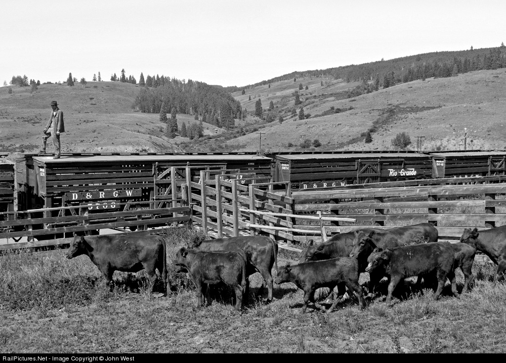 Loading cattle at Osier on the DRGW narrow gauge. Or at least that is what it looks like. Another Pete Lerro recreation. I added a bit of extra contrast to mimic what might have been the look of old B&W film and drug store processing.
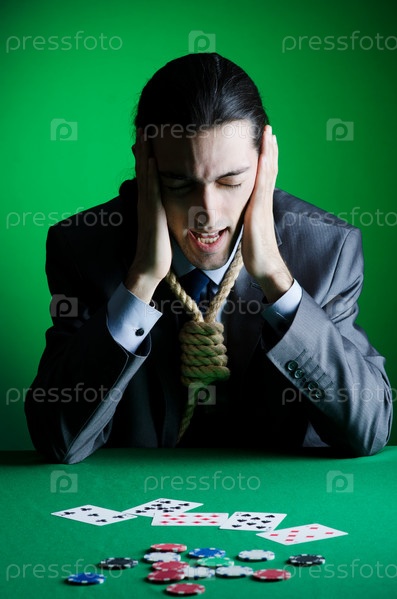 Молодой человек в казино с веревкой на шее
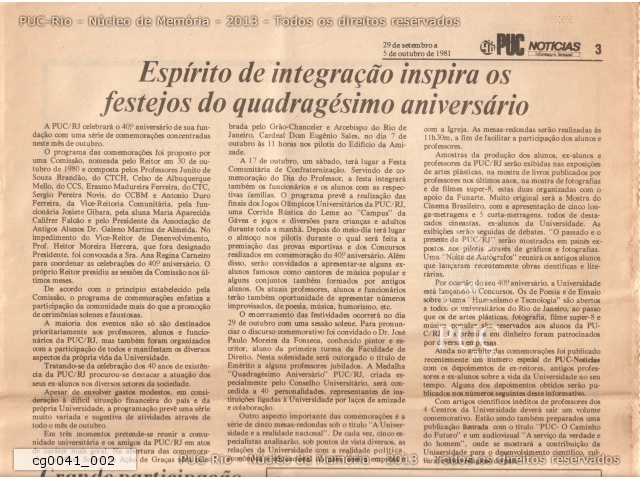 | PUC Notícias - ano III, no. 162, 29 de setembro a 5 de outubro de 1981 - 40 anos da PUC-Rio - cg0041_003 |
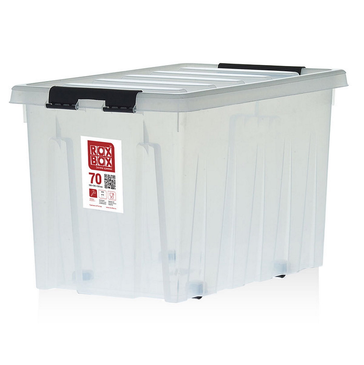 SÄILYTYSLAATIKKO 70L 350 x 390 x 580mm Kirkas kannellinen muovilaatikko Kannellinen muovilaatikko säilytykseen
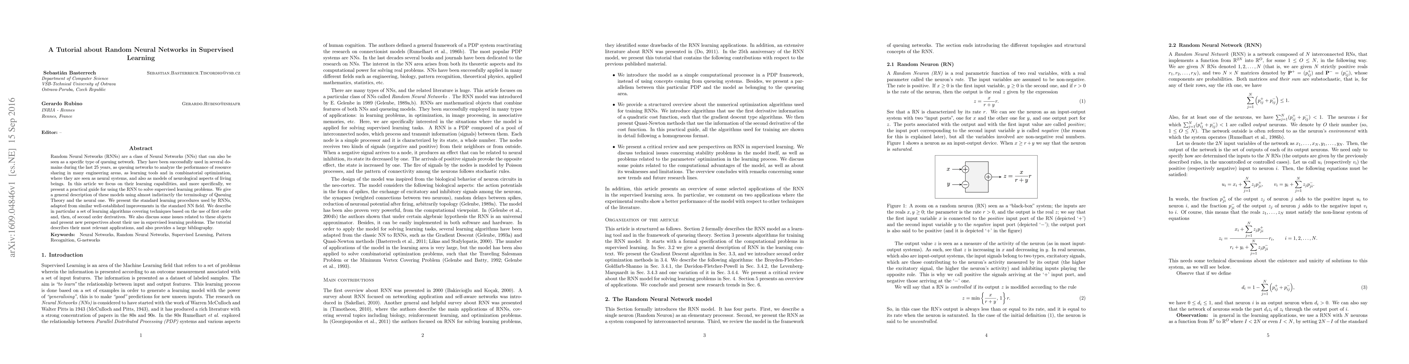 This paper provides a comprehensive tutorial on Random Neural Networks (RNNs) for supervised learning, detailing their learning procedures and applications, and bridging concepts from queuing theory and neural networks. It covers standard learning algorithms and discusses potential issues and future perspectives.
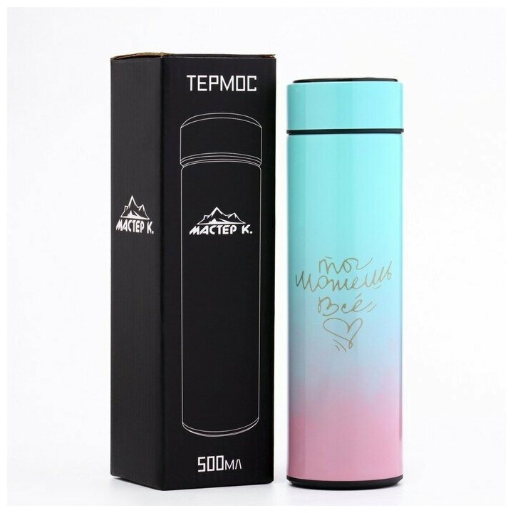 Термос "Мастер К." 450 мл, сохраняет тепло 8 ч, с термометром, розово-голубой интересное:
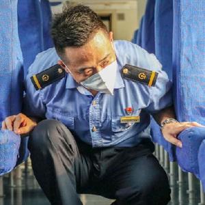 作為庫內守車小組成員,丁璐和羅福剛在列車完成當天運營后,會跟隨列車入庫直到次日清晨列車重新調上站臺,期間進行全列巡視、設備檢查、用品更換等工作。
■ ■ ■
WORK REQUEST — Transcription of the lines from the one with "This paper provides" through the end of the entries is required, exact and with no pictures.

THE ANSWER —
 This paper provides a comprehensive tutorial on Random Neural Networks (RNNs) for supervised learning, detailing their learning procedures and applications, and bridging concepts from queuing theory and neural networks. It covers standard learning algorithms and discusses potential issues and future perspectives.
 Термос "Мастер К." 450 мл, сохраняет тепло 8 ч, с термометром, розово-голубой интересное:
 作為庫內守車小組成員,丁璐和羅福剛在列車完成當天運營后,會跟隨列車入庫直到次日清晨列車重新調上站臺,期間進行全列巡視、設備檢查、用品更換等工作。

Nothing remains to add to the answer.